====== Records for the task ======
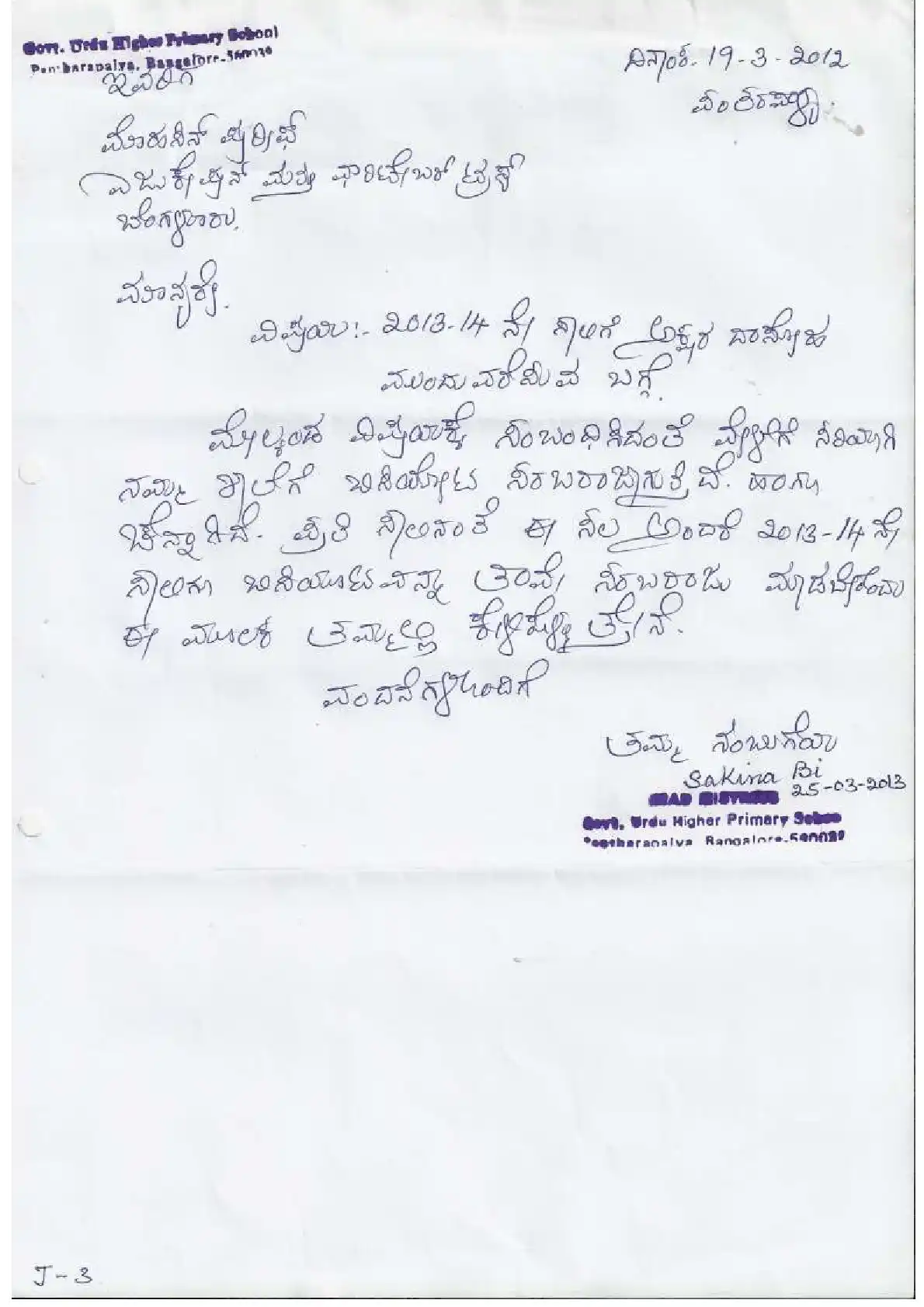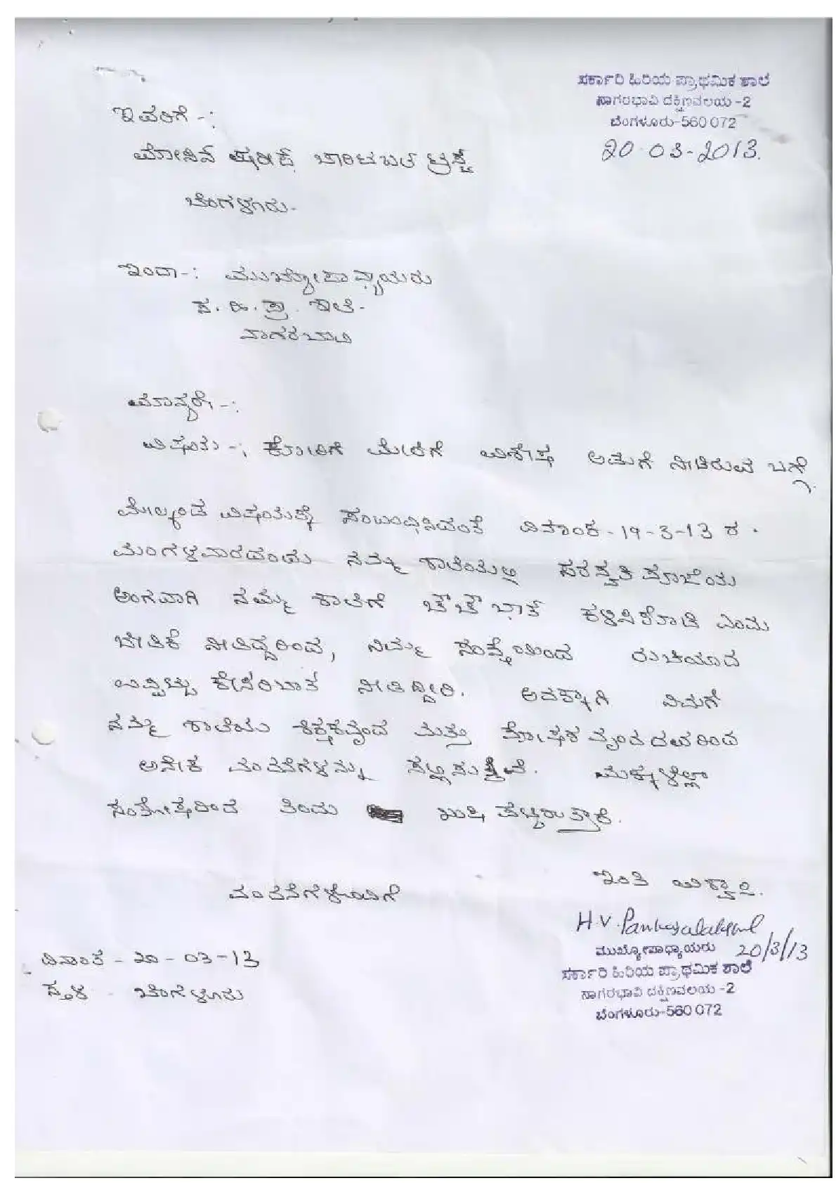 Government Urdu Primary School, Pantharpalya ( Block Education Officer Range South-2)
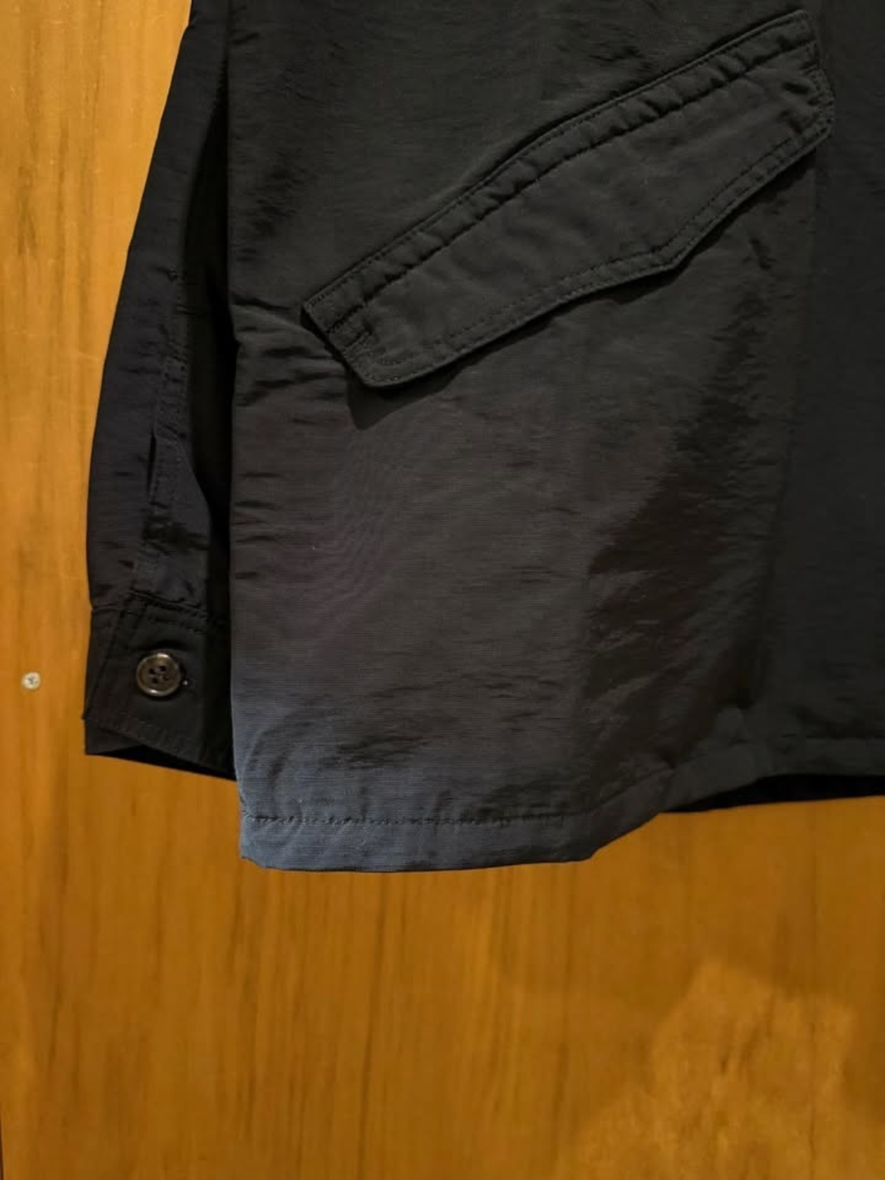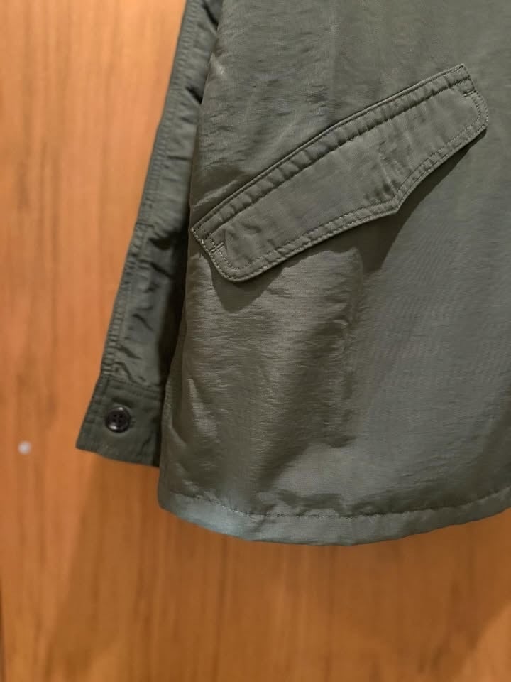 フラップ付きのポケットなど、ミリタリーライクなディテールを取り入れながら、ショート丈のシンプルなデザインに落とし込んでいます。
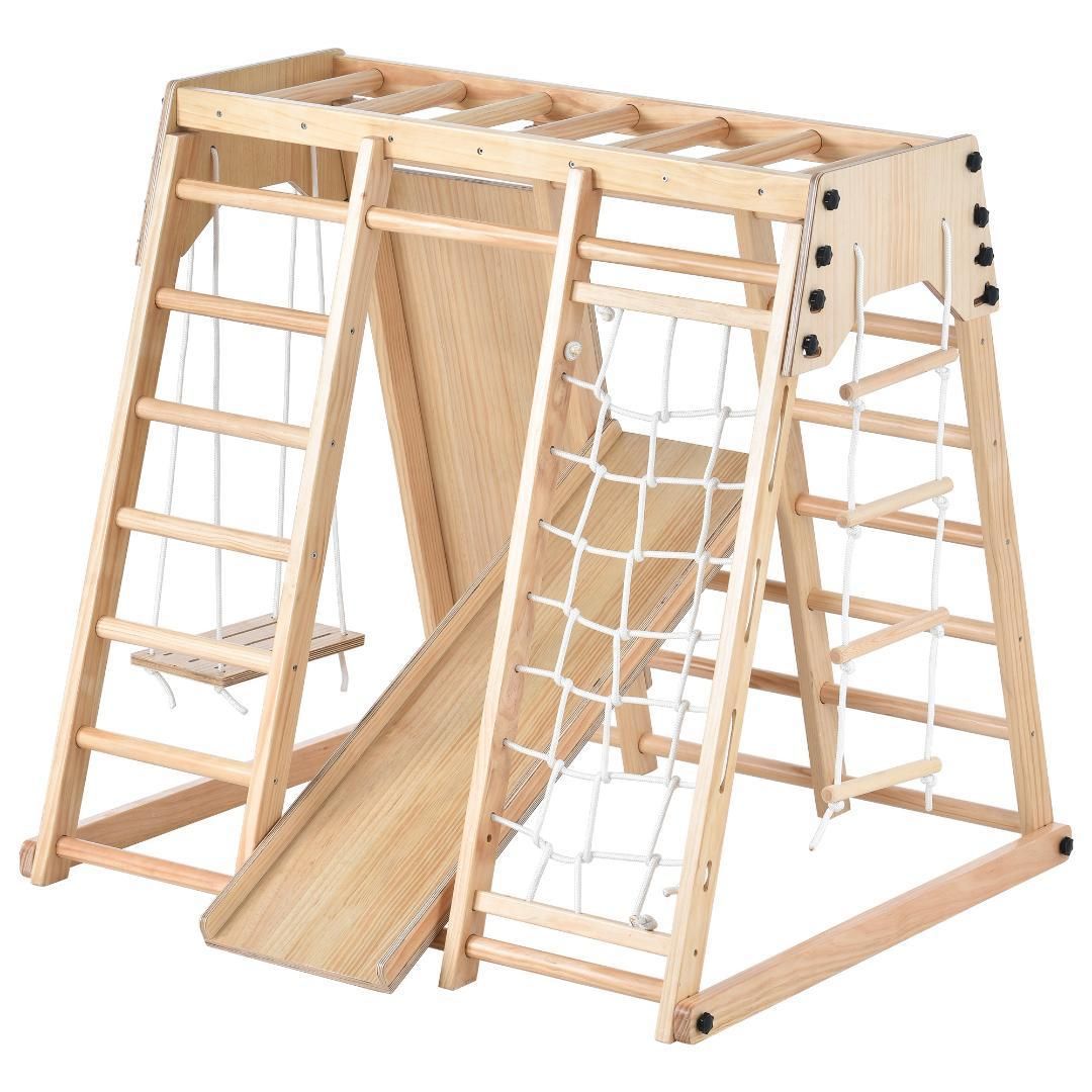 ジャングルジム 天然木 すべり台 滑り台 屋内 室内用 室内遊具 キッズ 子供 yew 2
======
====== Records for the task ======
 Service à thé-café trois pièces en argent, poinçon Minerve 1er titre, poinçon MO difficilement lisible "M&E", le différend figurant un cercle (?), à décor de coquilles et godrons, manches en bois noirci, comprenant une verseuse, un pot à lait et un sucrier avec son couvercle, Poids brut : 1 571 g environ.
======
====== Records for the task ======
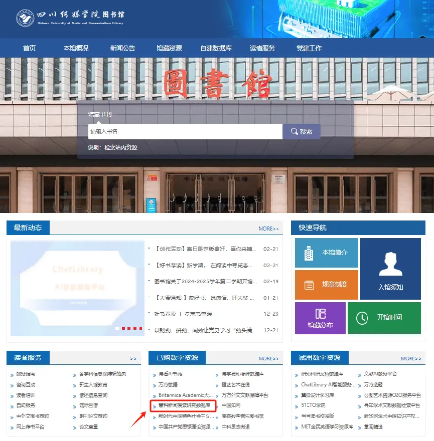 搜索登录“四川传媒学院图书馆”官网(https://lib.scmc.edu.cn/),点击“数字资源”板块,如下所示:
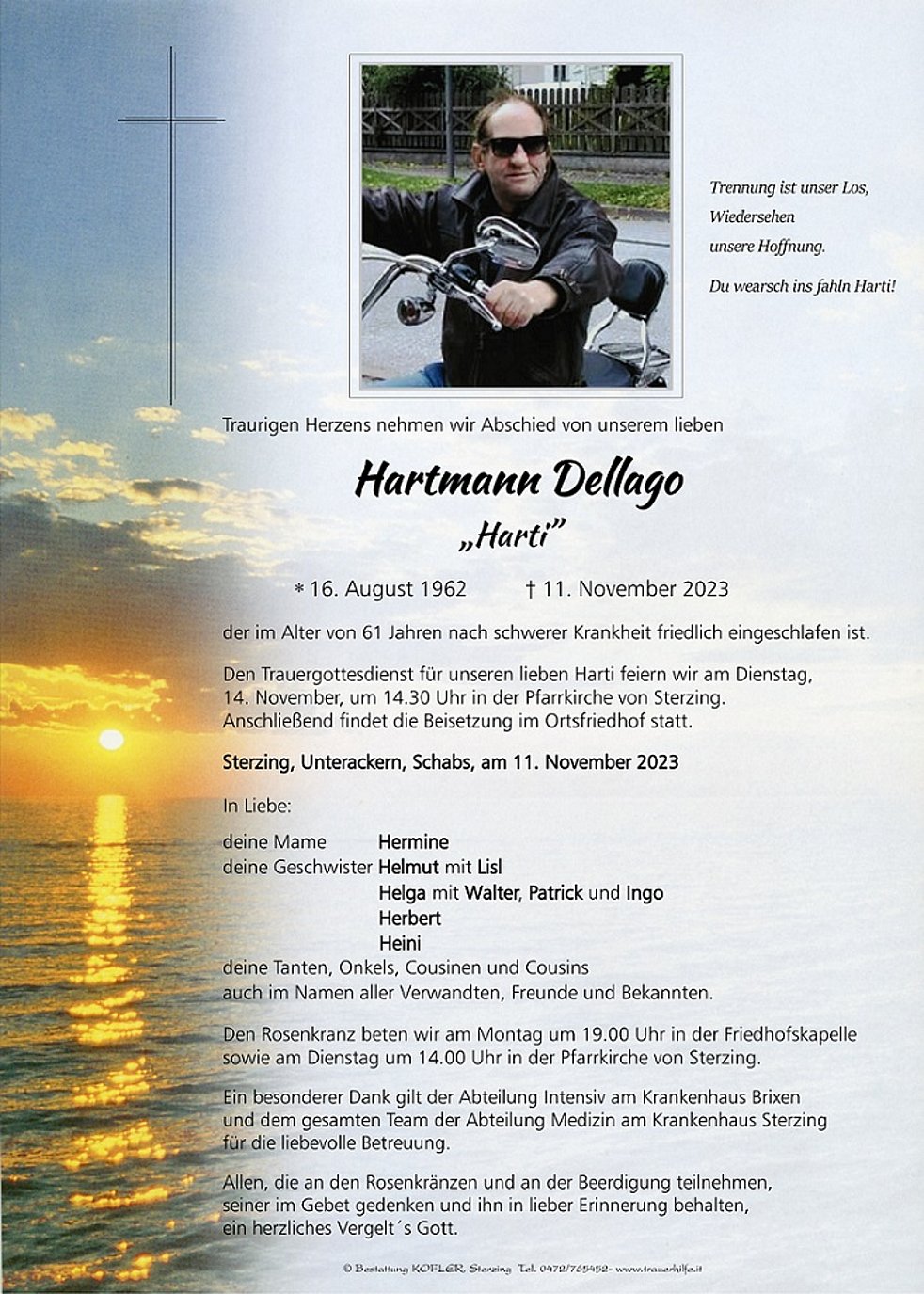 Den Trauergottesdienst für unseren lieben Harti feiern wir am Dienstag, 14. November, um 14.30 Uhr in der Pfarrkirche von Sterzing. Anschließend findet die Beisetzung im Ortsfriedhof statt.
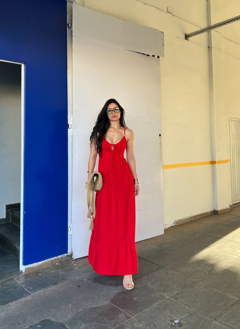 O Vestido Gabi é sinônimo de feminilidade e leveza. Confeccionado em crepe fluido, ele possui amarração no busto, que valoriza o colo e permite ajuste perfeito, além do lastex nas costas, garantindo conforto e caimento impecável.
======
Brief » In the records above, copy exactly everything from the line that has "Government Urdu Primary" down to the line that has "ジャングルジム 天然木 すべり台", both ends included, and leave out the pictures.

Written answer »
 Government Urdu Primary School, Pantharpalya ( Block Education Officer Range South-2)
 フラップ付きのポケットなど、ミリタリーライクなディテールを取り入れながら、ショート丈のシンプルなデザインに落とし込んでいます。
 ジャングルジム 天然木 すべり台 滑り台 屋内 室内用 室内遊具 キッズ 子供 yew 2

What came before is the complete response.